_DATA SHOWN_.
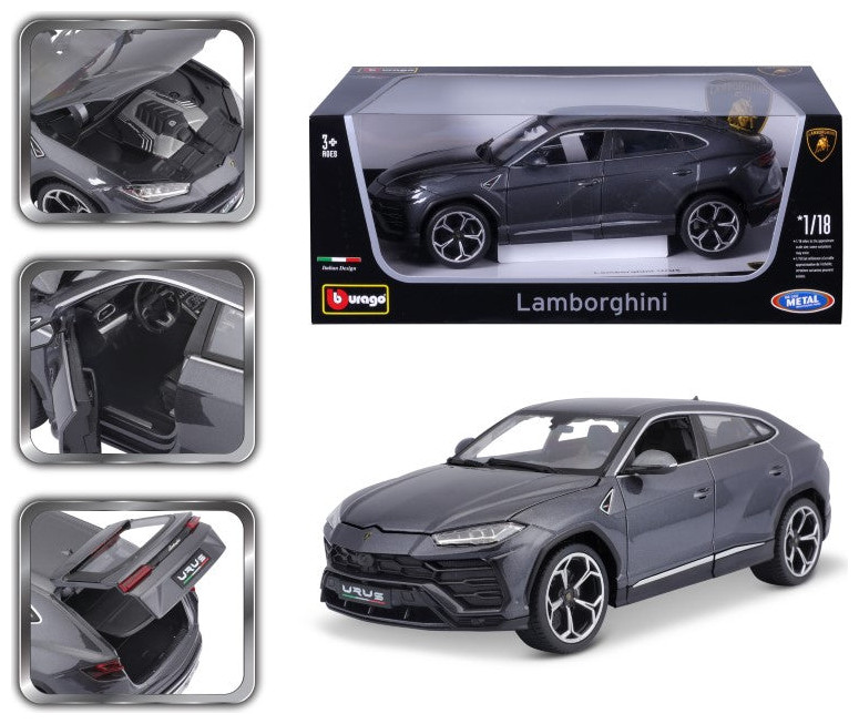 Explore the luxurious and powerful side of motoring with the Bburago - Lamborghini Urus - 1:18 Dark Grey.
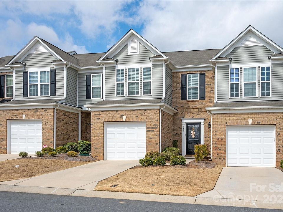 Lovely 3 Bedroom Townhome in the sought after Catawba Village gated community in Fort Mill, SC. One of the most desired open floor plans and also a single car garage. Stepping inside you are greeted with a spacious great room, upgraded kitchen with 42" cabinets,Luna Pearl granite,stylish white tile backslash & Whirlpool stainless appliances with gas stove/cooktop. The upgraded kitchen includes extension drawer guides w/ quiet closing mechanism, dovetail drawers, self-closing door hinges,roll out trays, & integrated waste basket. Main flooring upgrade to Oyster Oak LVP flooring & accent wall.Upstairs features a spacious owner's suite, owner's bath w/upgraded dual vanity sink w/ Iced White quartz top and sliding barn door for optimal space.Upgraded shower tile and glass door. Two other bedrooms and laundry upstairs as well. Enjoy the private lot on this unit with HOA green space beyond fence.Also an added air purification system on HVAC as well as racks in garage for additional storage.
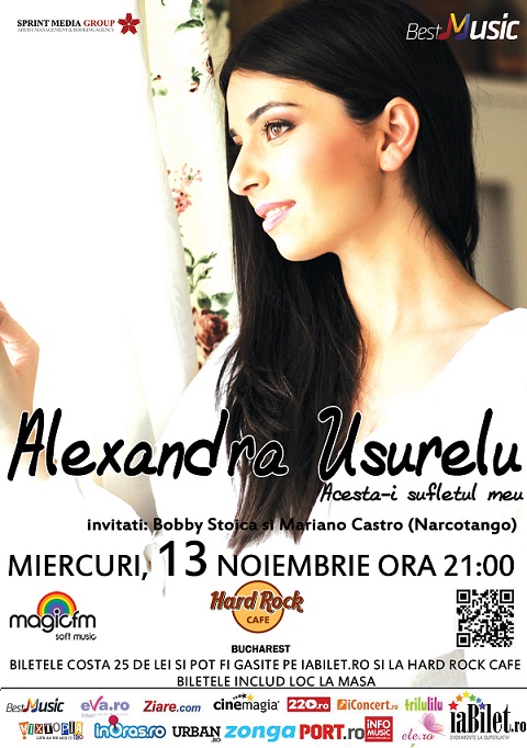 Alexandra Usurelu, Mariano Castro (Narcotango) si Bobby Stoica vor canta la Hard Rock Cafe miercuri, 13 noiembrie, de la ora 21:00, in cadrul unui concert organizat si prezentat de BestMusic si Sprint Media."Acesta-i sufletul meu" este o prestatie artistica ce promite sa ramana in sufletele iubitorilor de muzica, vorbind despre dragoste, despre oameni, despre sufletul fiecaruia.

_WORK ITEM_.
When you write out the material, reproduce each line exactly and omit any picture it holds.

_TASK ANSWER_.
 Explore the luxurious and powerful side of motoring with the Bburago - Lamborghini Urus - 1:18 Dark Grey.
 Lovely 3 Bedroom Townhome in the sought after Catawba Village gated community in Fort Mill, SC. One of the most desired open floor plans and also a single car garage. Stepping inside you are greeted with a spacious great room, upgraded kitchen with 42" cabinets,Luna Pearl granite,stylish white tile backslash & Whirlpool stainless appliances with gas stove/cooktop. The upgraded kitchen includes extension drawer guides w/ quiet closing mechanism, dovetail drawers, self-closing door hinges,roll out trays, & integrated waste basket. Main flooring upgrade to Oyster Oak LVP flooring & accent wall.Upstairs features a spacious owner's suite, owner's bath w/upgraded dual vanity sink w/ Iced White quartz top and sliding barn door for optimal space.Upgraded shower tile and glass door. Two other bedrooms and laundry upstairs as well. Enjoy the private lot on this unit with HOA green space beyond fence.Also an added air purification system on HVAC as well as racks in garage for additional storage.
 Alexandra Usurelu, Mariano Castro (Narcotango) si Bobby Stoica vor canta la Hard Rock Cafe miercuri, 13 noiembrie, de la ora 21:00, in cadrul unui concert organizat si prezentat de BestMusic si Sprint Media."Acesta-i sufletul meu" este o prestatie artistica ce promite sa ramana in sufletele iubitorilor de muzica, vorbind despre dragoste, despre oameni, despre sufletul fiecaruia.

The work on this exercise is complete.